La frase es del Quijote y de Cervantes, aunque es este quien la escribió; adjudico la cita al personaje de ficción, que es lo más frecuente, y al autor de la ficción más reconocida de la historia, porque hoy la existencia de Don Quijote es más fuerte y verdadera, aunque naciera fingida, que la de Don Miguel, que la narró fingiendo, que es la función de la literatura, donde tal vez su mayor expresión sea el teatro; sabemos que los actores fingen, pero si creemos que son falsos, no funciona la magia por más luces y artificios que la vistan.

El término quijotesco es muchísimo más popular que cervantino. Ser un quijote es una frase que todo el mundo entiende y de la que se puede jactar; ser un Cervantes es una aspiración que pocos pretenden y de la que muy pocos se pueden jactar.

A don Augusto Roa Bastos, lector infatigable de Don Quijote de la Mancha y reconocido discípulo de Don Miguel de Cervantes, le gustaba hablar de historias fingidas y establecer esa relación estrecha entre palabra y realidad que debe existir incluso en las historias más ficticias... y en las más reales.

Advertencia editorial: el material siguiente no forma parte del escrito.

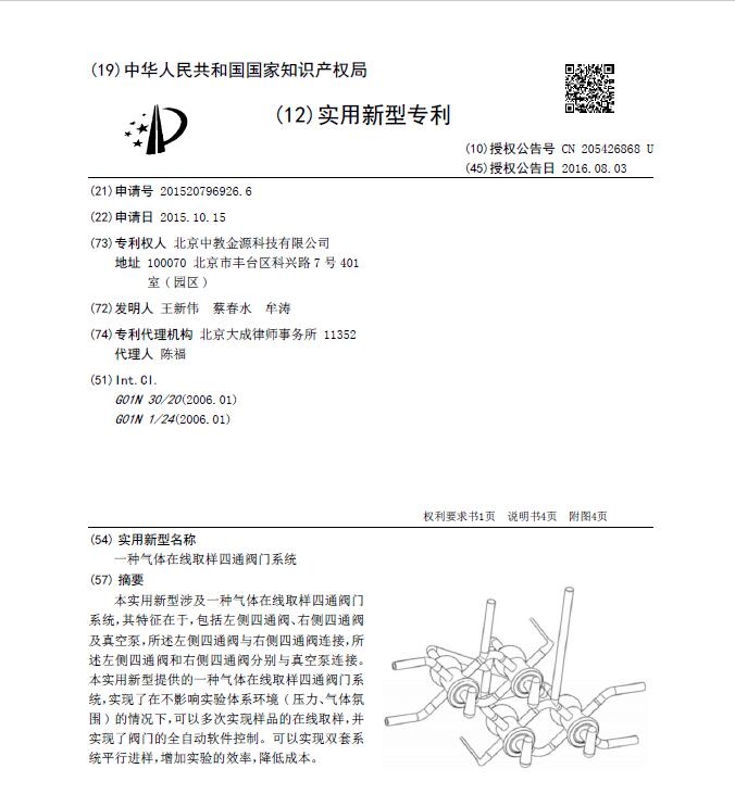本實(shí)用新型涉及一種氣體在線取樣四通閥門系統(tǒng),其特征在于,包括左側(cè)四通閥、右側(cè)四通閥及真空泵,所述左側(cè)四通閥與右側(cè)四通閥連接,所述左側(cè)四通閥和右側(cè)四通閥分別與真空泵連接。本實(shí)用新型提供的一種氣體在線取樣四通閥門系統(tǒng),實(shí)現(xiàn)了在不影響實(shí)驗(yàn)體系環(huán)境(壓力、氣體氛圍)的情況下,可以多次實(shí)現(xiàn)樣品的在線取樣,并實(shí)現(xiàn)了閥門的全自動軟件控制??梢詫?shí)現(xiàn)雙套系統(tǒng)平行進(jìn)樣,增加實(shí)驗(yàn)的效率,降低成本。
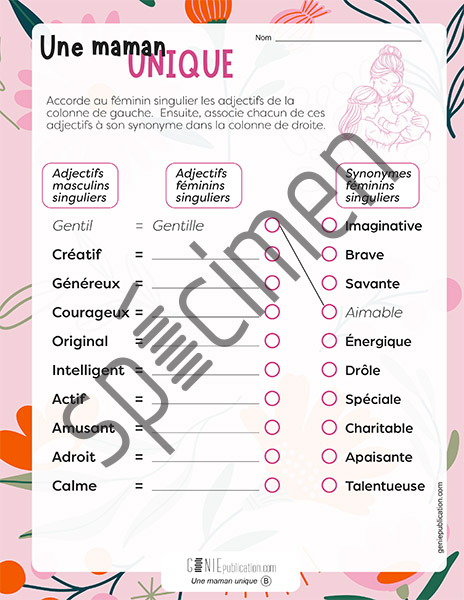 Une activité parfaite pour la fête des Mères ! Dans cet exercice, l’élève doit accorder des adjectifs au féminin singulier et les associer à leur synonyme. Puis, il identifie les adjectifs qui font de sa mère une personne unique en justifiant ses réponses à l’aide d’exemples de son quotidien. En terminant, l’élève rédige une lettre pour la fête des Mères.
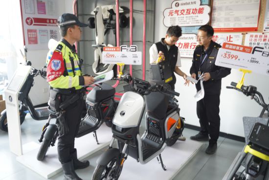 為常態化規范電動車銷售市場秩序,光明交警與市場監管部門協同聯動,定期開展電動自行車銷售門店專項聯合檢查。
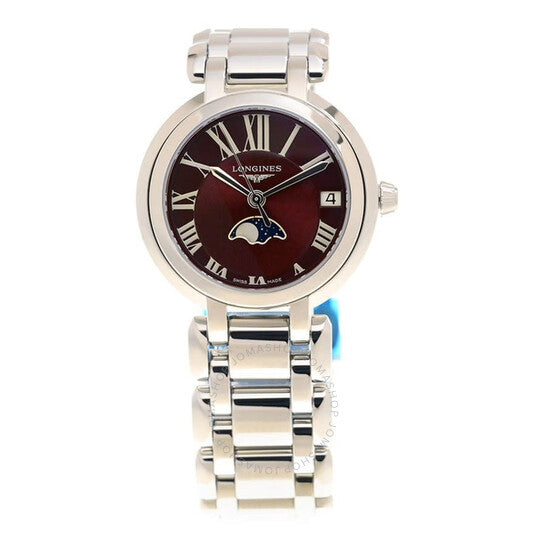 علبة وسوار من الفولاذ المقاوم للصدأ فضي اللون. إطار ثابت من الفولاذ المقاوم للصدأ فضي اللون. ميناء أحمر بعقارب فضية اللون وعلامات ساعات رومانية. نوع الميناء: تناظري. عرض التاريخ عند موضع الساعة 3. حركة كوارتز. زجاج ياقوت مقاوم للخدش. غطاء خلفي صلب. شكل العلبة دائري، مقاسها: 30 مم. إبزيم قابل للطي بزر ضغط. مقاومة للماء حتى عمق 30 مترًا / 100 قدم. الوظائف: التاريخ، الساعة، الدقائق، الثانية، طور القمر. معلومات إضافية: العلبة الأصلية، بطاقة الضمان الدولية، دليل الاستخدام (ملحقات كاملة). سلسلة بريمالونا. تصميم ساعة فاخرة. ملصق الساعة: صناعة سويسرية. ساعة لونجين بريمالونا كوارتز نسائية بمينا أحمر، L8.115.4.92.6.
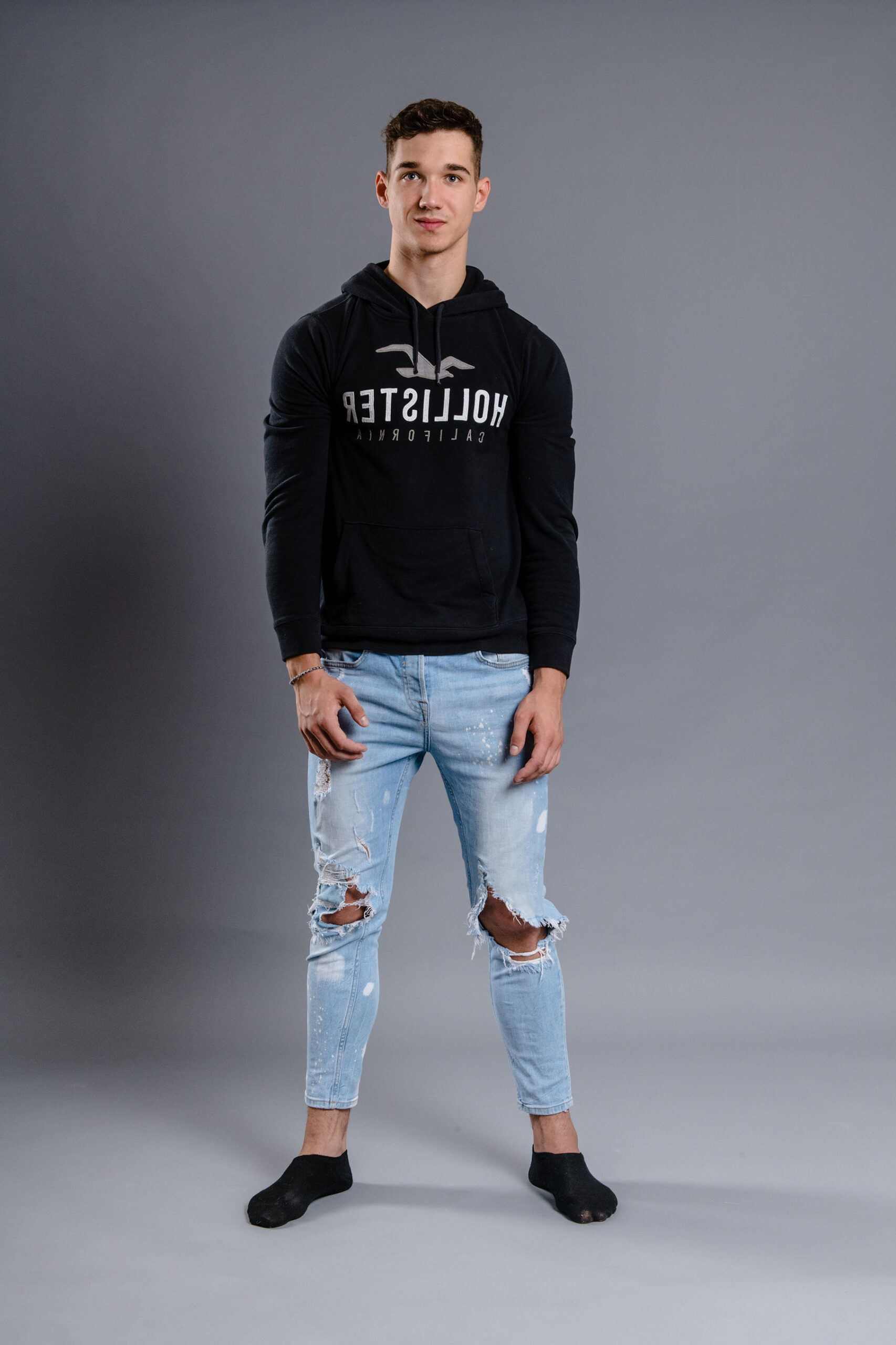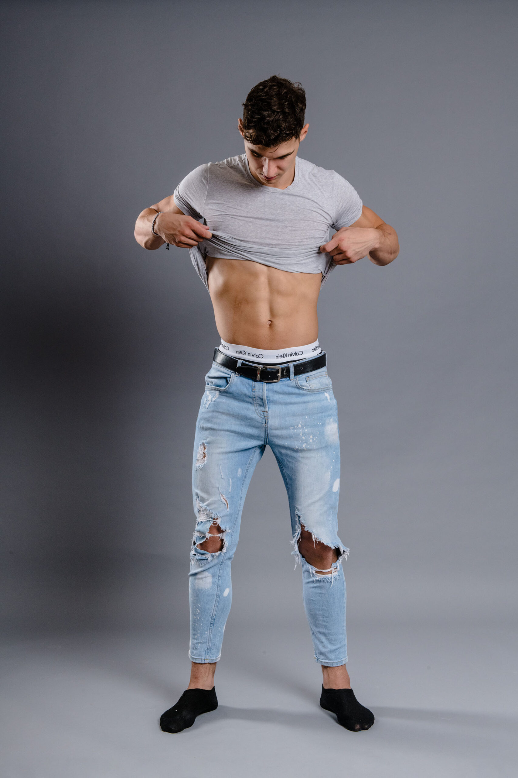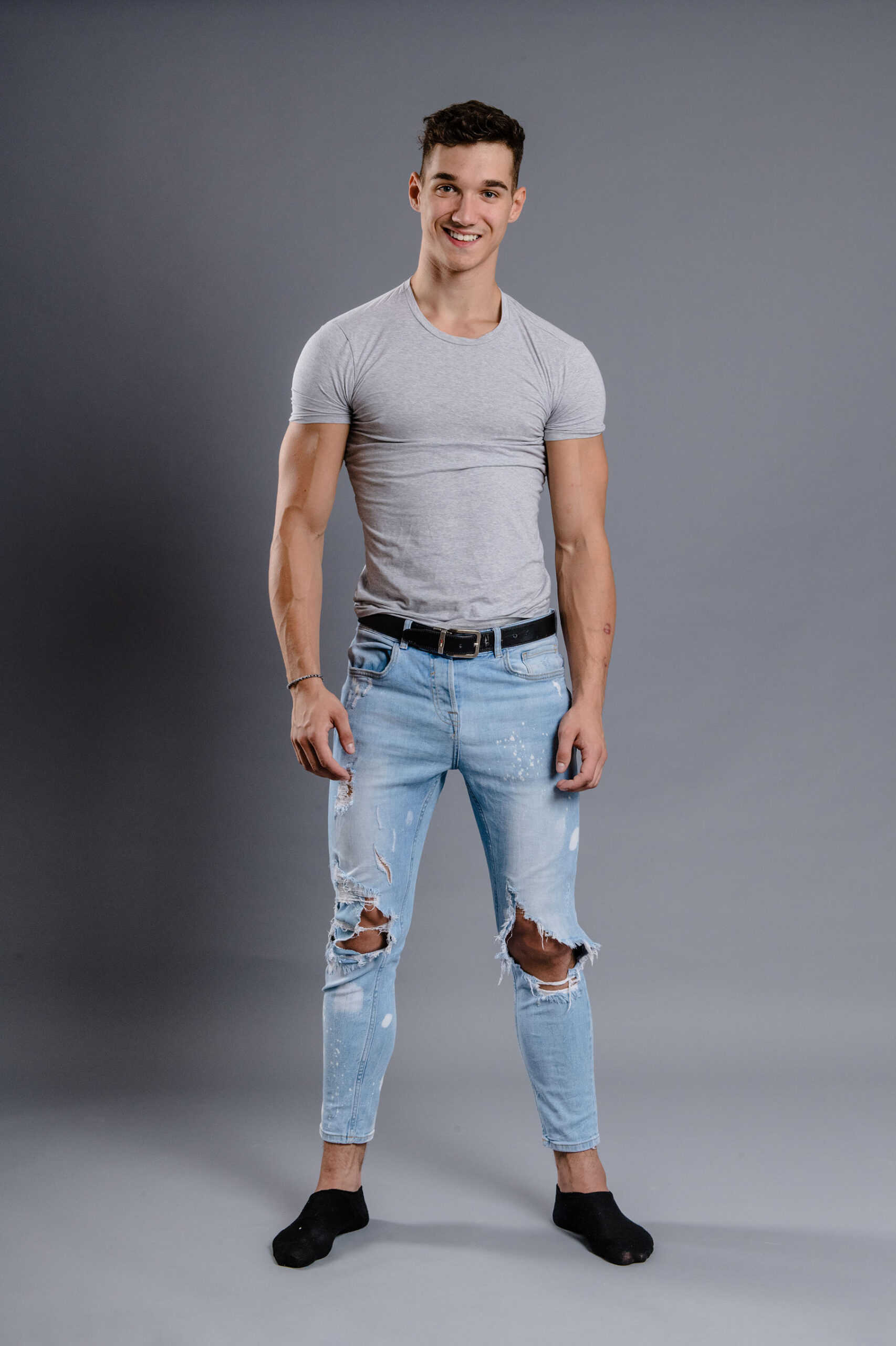 En dehors de son apparence physique impressionnante, Thomas se distingue par sa gentillesse et son humilité, des qualités qui m’ont immédiatement séduit. Cependant, j’ai dû lui donner quelques conseils pour notre séance photo. Quand il est sorti de la salle de bain avec les cheveux soigneusement coiffés en arrière, je lui ai demandé de retourner les décoiffer un peu. Je lui ai conseillé de « ressembler à un gars normal, pas à un mannequin ».

Yo el Supremo sufrió, hace 40 años, poco antes de su publicación el 27 de junio de 1974, una última postergación, cuando ya los medios anunciaban un boom, después de publicar varios avances de la obra; Roa tuvo una duda, ya embrujado en el soñar mitológico en que la diferencia entre ficción y realidad se había perdido. En el apéndice que abre el final de la obra, “Los restos del Supremo”, transcribe una convocatoria a historiadores para “iniciar las gestiones tendientes a recuperar los restos mortales del Supremo Dictador y restituir al patrimonio nacional esas sagradas reliquias”. Ocupa varias páginas con opiniones de historiadores con nombres y apellidos reales que se lanzaron a esa aventura. Era real.

Un libro “real”

Entre la historia fingida y la historia que se presupone real, tuvo la duda de si mantener el capítulo o eliminarlo. Paró la impresora y se puso a releer el texto. Lo acompañé en ese momento crucial de la corrección, con la desesperación de los editores. Al final mantuvo el informe real cargado de absurda ficción, la convocatoria del ministro del Interior de Alfredo Stroessner, Édgar L. Ynsfrán, un maestro en fingir conspiraciones, a los historiadores paraguayos en la suprema tarea de recuperar los restos del Supremo. El libro existe: titulado Los restos mortales del doctor José Gaspar Rodríguez de Francia, publicado en junio de 1962, y los textos que se transcriben son fragmentos del original.

Al final, mantuvo el texto real en medio de los textos fingidos. Ninguno de los amigos argentinos que seguían de cerca este acontecimiento, que fue histórico en el mundo editorial iberoamericano, creía que ese capítulo no era ficción.

La realidad entraba en la ficción por el absurdo total sin necesidad de fingir. A veces, la realidad es más fingida que la ficción.

Lo decía Roa, palabra y realidad.

Platón, en el capítulo XXI de La República, plantea socráticamente una interrogación sobre la verdad y la falsedad, cuando interroga si se puede justificar la mentira; y responde “es útil a las leyendas mitológicas... cuando desconociendo la verdad de los hechos antiguos, transformamos lo falso en lo más semejante a lo verdadero”.

Es la mejor definición de la literatura de ficción que conozco.

La secuencia más disparatadamente fingida de El Supremo es justamente la más real, si entendemos realidad como la que registra documentalmente la historia, y ficción como lo que excava en sus profundidades.